Opinion
Index No. 500685/11
08-06-2014
NYSCEF DOC. NO. 132 At an IAS Term, Commercial Part 2 of the Supreme Court of the State of New York, held in and for the County of Kings, at the Courthouse, at Civic Center, Brooklyn, New York, on the 16th day of December, 2013. PRESENT: HON. DAVID I. SCHMIDT, Justice.
DECISION AND ORDER
Mot. Seq. No. 7-8
The following papers numbered 1 to 5 read herein: | Papers Numbered |
Notice of Motion/Order to Show Cause/ | |
Petition/Cross Motion and | |
Affidavits (Affirmations) Annexed__________________ | 1-2; 4-5 |
Opposing Affidavits (Affirmations)__________________ | 3 |
In this action, inter alia, to recover damages for money had and received, the defendants Jacob Deckelbaum, Esq., also known as Yakov Deckelbaum, Esq., and Reliable Abstract Co., L.L.C. (collectively, the Deckelbaum defendants) move, by order to show cause, dated Oct. 25, 2013, as extended by order, dated Oct. 31, 2013, for an order, pursuant to CPLR 2104 and 3212 enforcing an out-of-court settlement agreement and, thereupon, granting them summary judgment dismissing the amended complaint against all defendants upon the payment of $75,000 to the plaintiff Bernard Rubin (the plaintiff) from funds on deposit in an attorney account maintained by Law Offices of David Fleischmann, P.C. (Fleischmann), counsel to the Deckelbaum defendants (seq. No. 8). In the same motion, Fleischmann moves for a protective order, pursuant to CPLR 5240, precluding the plaintiff, his counsel, and the City Marshal from enforcing a levy on Fleischmann's attorney account to partially satisfy a judgment entered in favor of the plaintiff and against the defendant Shimmy Sprei, also known as Sam, Shimi, or Yechiel Shimon Sprei (Sprei). The plaintiff, denying the existence of an enforceable settlement, moves for an order, pursuant to CPLR 3126 (3), striking the Deckelbaum defendants' answer for Mr. Deckelbaum's repeated failure to appear for a court-ordered deposition (seq. No. 7).
(1)
CPLR 2104 provides, in relevant part, that an out-of-court "agreement between parties or their attorneys relating to any matter in an action ... is not binding upon a party unless it is in a writing subscribed by him or his attorney. . . ." Three pertinent principles are deducible from the decisions applying CPLR 2104. First, "for an enforceable agreement to exist, all material terms must be set forth and there must be a manifestation of mutual assent" (Forcelli v Gelco Corp., 109 AD3d 244, 248 [2d Dept 2013] [internal quotation marks omitted]). Second, "if the parties to an agreement do not intend it to be binding upon them until it is reduced to writing and signed by both of them, they are not bound and may not be held liable until it has been written out and signed" (Scheck v Francis, 26 NY2d 466, 469-470 [1970]). Third, "the attendant circumstances, the situation of the parties, and the objectives they were striving to attain" must be considered to determine whether "the parties' words and deeds establish their intent to enter into a binding agreement" (Brighton Inv., Ltd. v Har-Zvi, 88 AD3d 1220, 1222 [3d Dept 2011] [internal citations omitted]).

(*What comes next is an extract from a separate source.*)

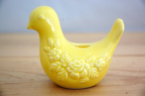 スウェーデンで見つけた小鳥のオブジェ/キャンドルスタンド(イエロー)です。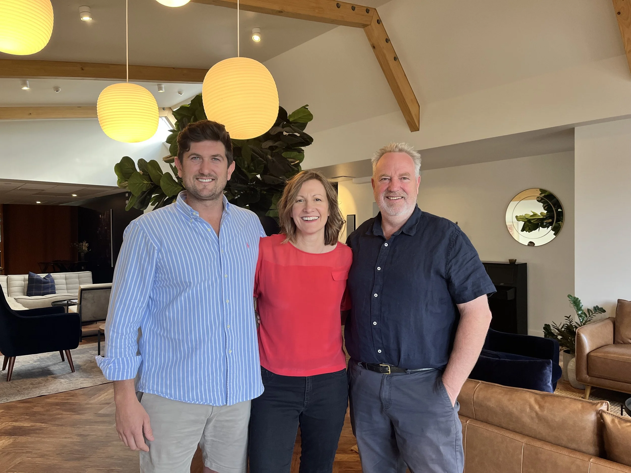 (Photo L to R: Paddy Kluts, Mountain Club, with Anna Dorsey and John Glover from Headlight.)

Here, the documentary evidence - in the form of the parties' e-mails and their competing drafts of the settlement agreement - provides conclusive answer that no enforceable settlement exists. First, the e-mails between plaintiff's counsel and Fleischmann are ambiguous as to which defendants were to be released under the proposed settlement. Whereas these e-mails make it clear that Fleischmann's clients (i.e., the Deckelbaum defendants) were to be released under the proposed settlement, they are silent as to whether Sprei and the other defendants who are not represented by Fleischmann would also be released. The ambiguity in the e-mails has left room for different interpretations. It comes as no surprise, therefore, that a draft settlement agreement that was prepared by Fleischmann proposed to release all of the named defendants, while a draft settlement agreement, as revised by plaintiff's counsel, contemplated that only the Deckelbaum defendants would be released. This is obviously a material difference in terms, considering that the plaintiff holds an unsatisfied money judgment against Sprei. Although the parties agreed that the proposed settlement would be for $75,000, none of which to be paid by the Deckelbaum defendants, it omits a material term of whether the plaintiff would release Sprei. As stated, the drafts which the parties exchanged differ on the identity of the defendants to be released under the proposed settlement.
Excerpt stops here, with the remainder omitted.